IEEE Trans Vis Comput Graph. 2019 Apr;25(4):1760-1773. doi: 10.1109/TVCG.2018.2818701. Epub 2018 Mar 27.
Advances in high-throughput imaging allow researchers to collect three-dimensional images of whole organ microvascular networks. These extremely large images contain networks that are highly complex, time consuming to segment, and difficult to visualize. In this paper, we present a framework for segmenting and visualizing vascular networks from terabyte-sized three-dimensional images collected using high-throughput microscopy. While these images require terabytes of storage, the volume devoted to the fiber network is ≈ 4 percent of the total volume size. While the networks themselves are sparse, they are tremendously complex, interconnected, and vary widely in diameter. We describe a parallel GPU-based predictor-corrector method for tracing filaments that is robust to noise and sampling errors common in these data sets. We also propose a number of visualization techniques designed to convey the complex statistical descriptions of fibers across large tissue sections-including commonly studied microvascular characteristics, such as orientation and volume.

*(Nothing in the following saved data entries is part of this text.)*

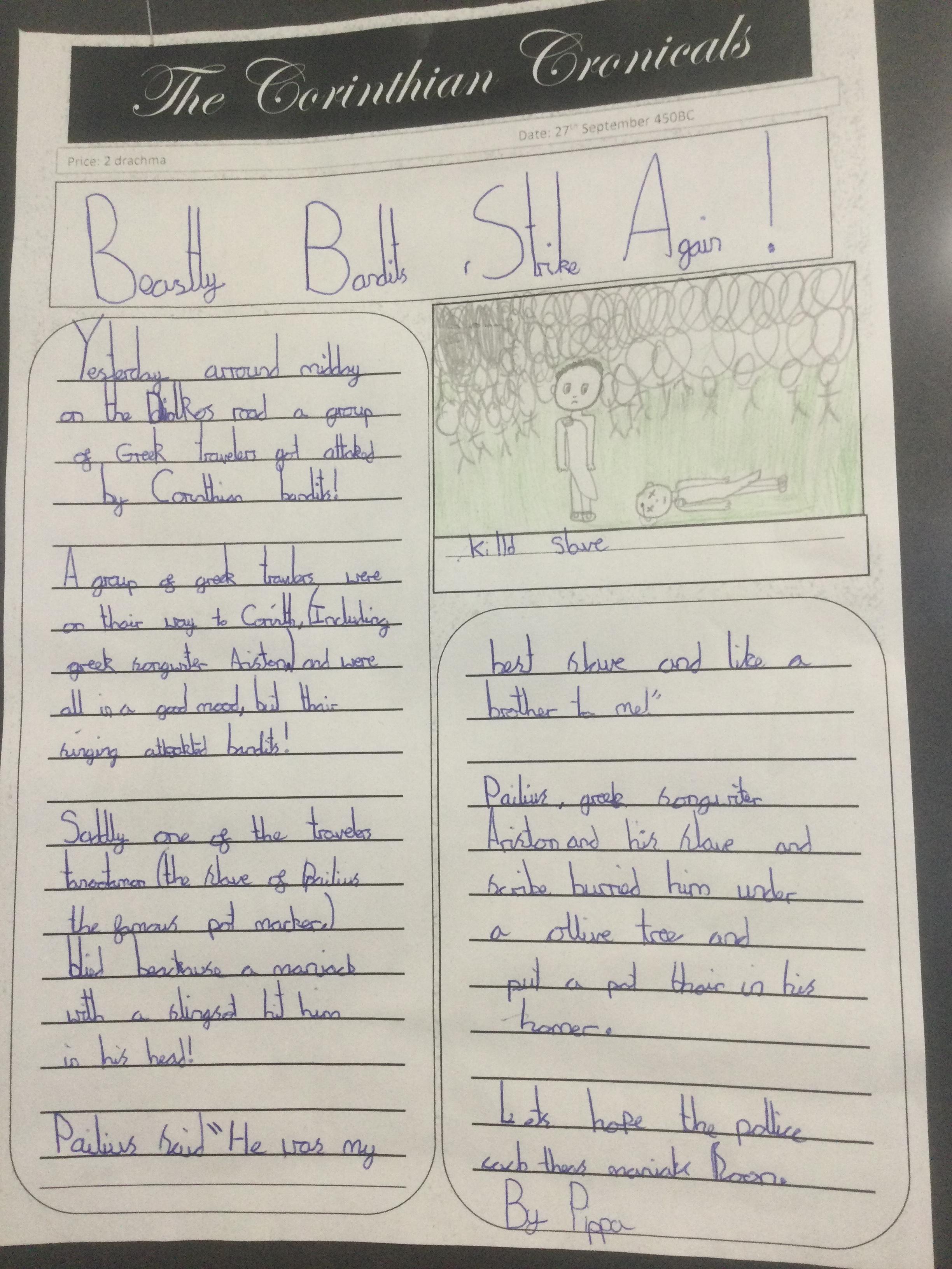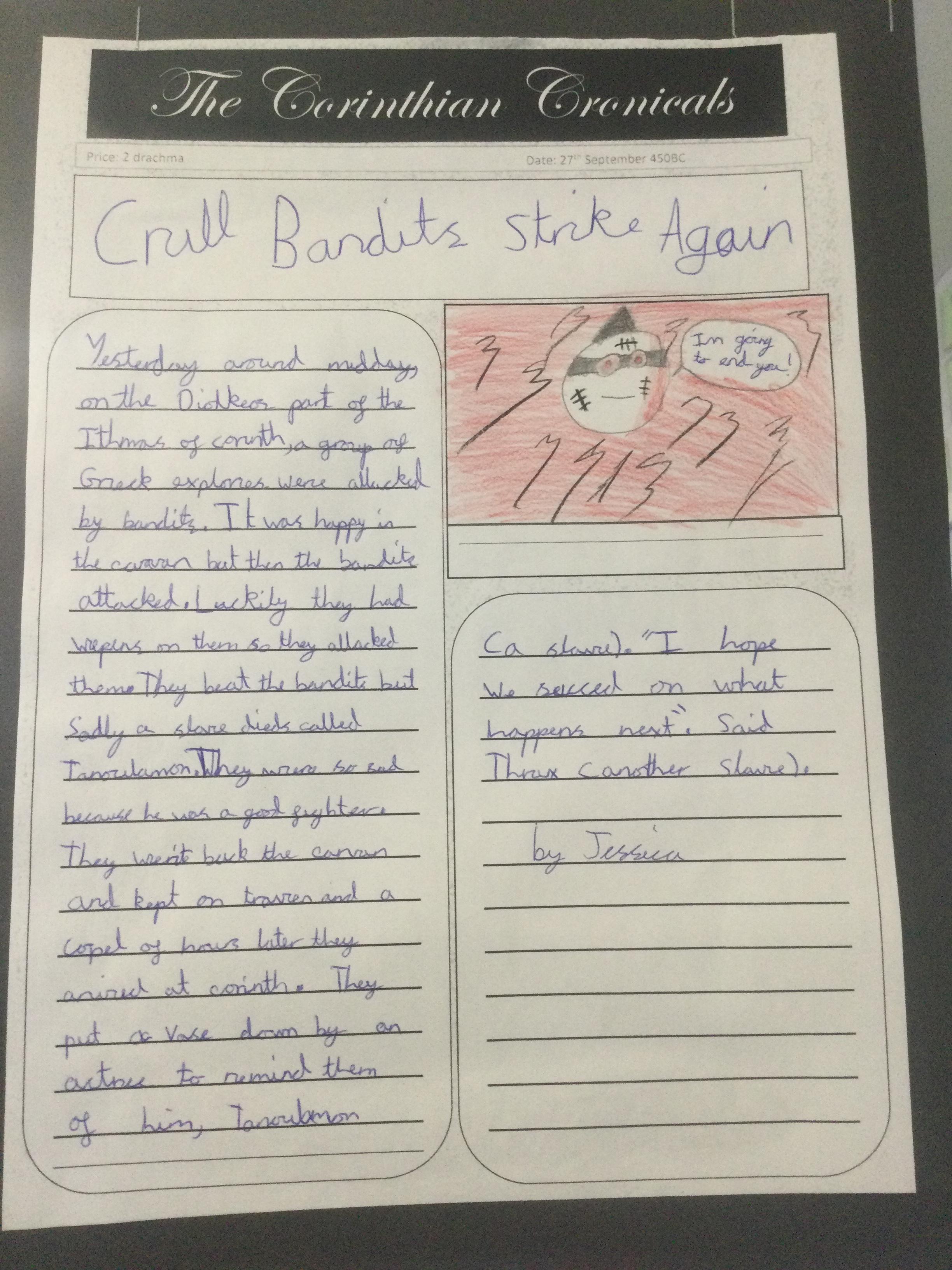 In Year 4, the pupils wrote recounts about their trip to Hudnall Park. They also created character descriptions for their own bandits. For both pieces of writing, they were extremely motivated!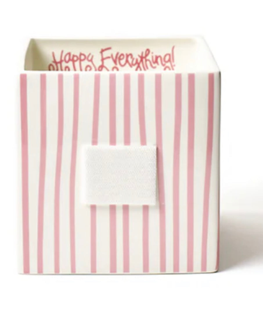 Organize your happy home with our Pink Skinny Stripe Medium Mini Nesting Cube. Designed in-house, the hand-painted pink and white stripes and interior “Happy Everything!” script make this Base a must-have. Whether it’s used as a planter or a catch-all dish, remember to add your favorite Mini Attachments to make it suit the season. Grab this giftable nesting cube today!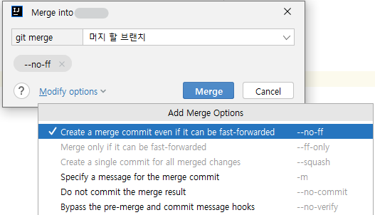 머지할 때 다양한 옵션 설정이 가능하다.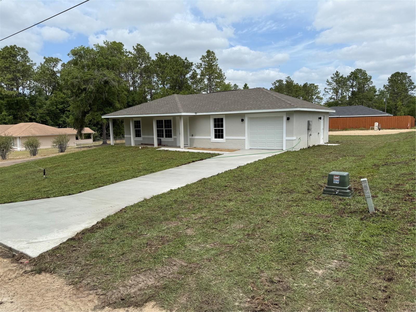 Pronto para mover-se! Casa recém -construída em comunidade tranquila. Plano dividido com teto abobadado, piso de laminado resistente à água, construção de blocos de concreto com acabamento de estuque, telhas arquitetônicas, área de estar na varanda da frente de 20'x5, lote de canto, séptico privado e poço particular.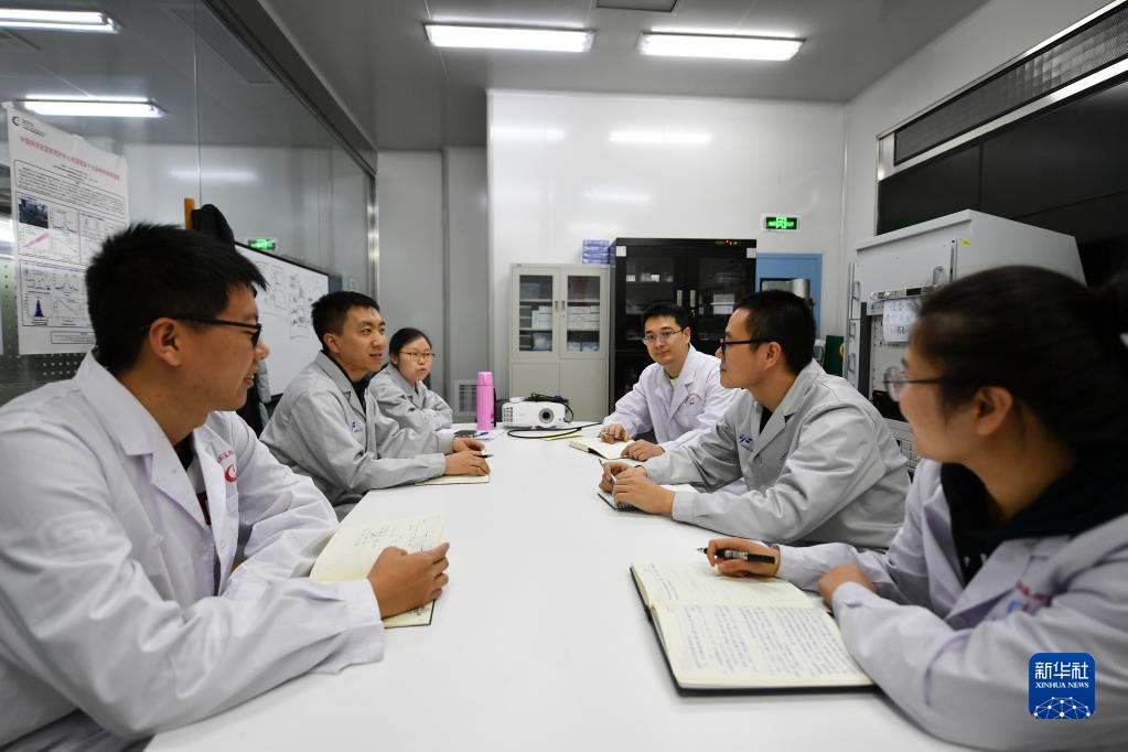 2月7日,科研人員在中國科學院國家授時中心空間鍶原子光鐘實驗室討論項目進度。新華社記者 張博文 攝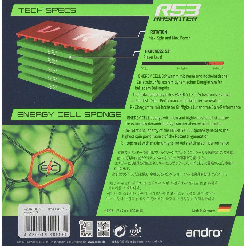 andro Ultra 110021092 Table Tennis Rubber Razantar R53 Soft Back UM Tension, Green
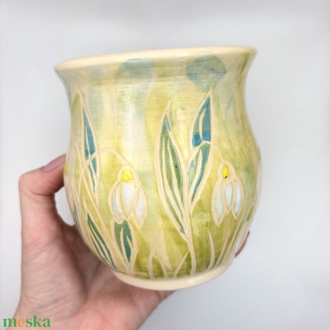 Kerámia bögre hóvirágokkal

高通量成像技术的进步使得研究人员能够采集整个器官微血管网络的三维图像。这些极其庞大的图像包含高度复杂的网络,需要花费大量时间进行分割,并且难以可视化。在本文中,我们提出了一种从使用高通量显微镜采集的兆字节大小的三维图像中分割和可视化血管网络的框架。虽然这些图像需要兆字节的存储空间,但纤维网络的体积仅占总体积大小的 ≈ 4%。虽然网络本身是稀疏的,但它们非常复杂,相互连接,并且直径差异很大。我们描述了一种基于 GPU 的并行预测校正方法,用于跟踪纤维,该方法对这些数据集常见的噪声和采样误差具有鲁棒性。我们还提出了许多可视化技术,旨在传达跨越大组织切片的纤维的复杂统计描述-包括通常研究的微血管特征,例如方向和体积。